In [1]:
# Google Colab Only
try:
    import google.colab  # noqa: F401

    # specify the version of DataEval (==X.XX.X) for versions other than the latest
    %pip install -q dataeval maite-datasets
except Exception:
    pass

In [2]:
from maite_datasets.image_classification import MNIST

from dataeval.data import Embeddings
from dataeval.metrics.estimators import divergence

In [3]:
# Load in the training mnist dataset and use the first 4000
train_ds = MNIST(root="./data/", image_set="train", download=True)

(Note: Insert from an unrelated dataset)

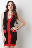 Colorblock V-Neck Sleeveless Sheath Dress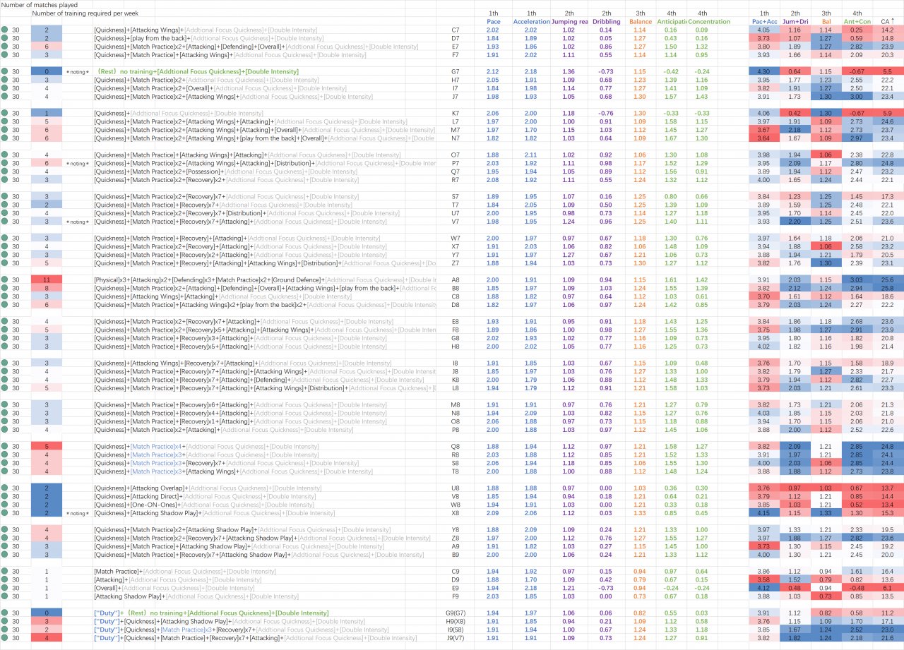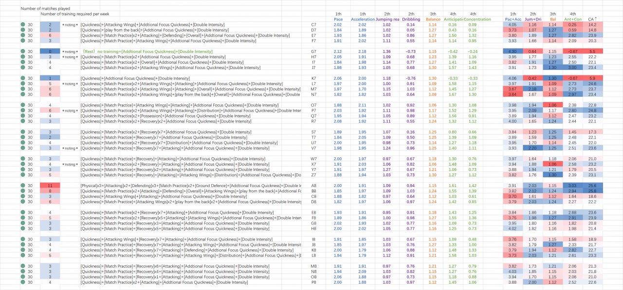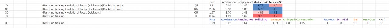 1. Inadvertently found in the test: [Quickness]+[Match Practice]+[Recovery]x7+[Attacking]+[Addtional Focus Quickness]+[Double Intensity] (V7 in table)

# Extract the first 4000 embeddings
embeddings = Embeddings(train_ds, batch_size=400)[:4000]

In [4]:
print("Number of samples: ", len(embeddings))
print("Image shape:", embeddings[0].shape)

Number of samples:  4000
Image shape: torch.Size([784])


In [5]:
data_a = embeddings[:2000]
data_b = embeddings[2000:]

In [6]:
div = divergence(data_a, data_b)
print(div)

{'divergence': np.float64(0.1855), 'errors': np.int64(1629)}


In [7]:
corrupted_ds = MNIST(root="./data", image_set="train", corruption="translate", download=True)
corrupted_emb = Embeddings(corrupted_ds, batch_size=64)[:2000]

In [8]:
print("Number of corrupted samples: ", len(corrupted_emb))
print("Corrupted image shape:", corrupted_emb[0].shape)

Number of corrupted samples:  2000
Corrupted image shape: torch.Size([784])


In [9]:
div = divergence(data_a, corrupted_emb)
print(div)

{'divergence': np.float64(0.963), 'errors': np.int64(74)}


In [10]:
### TEST ASSERTION CELL ###
assert div.divergence > 0.95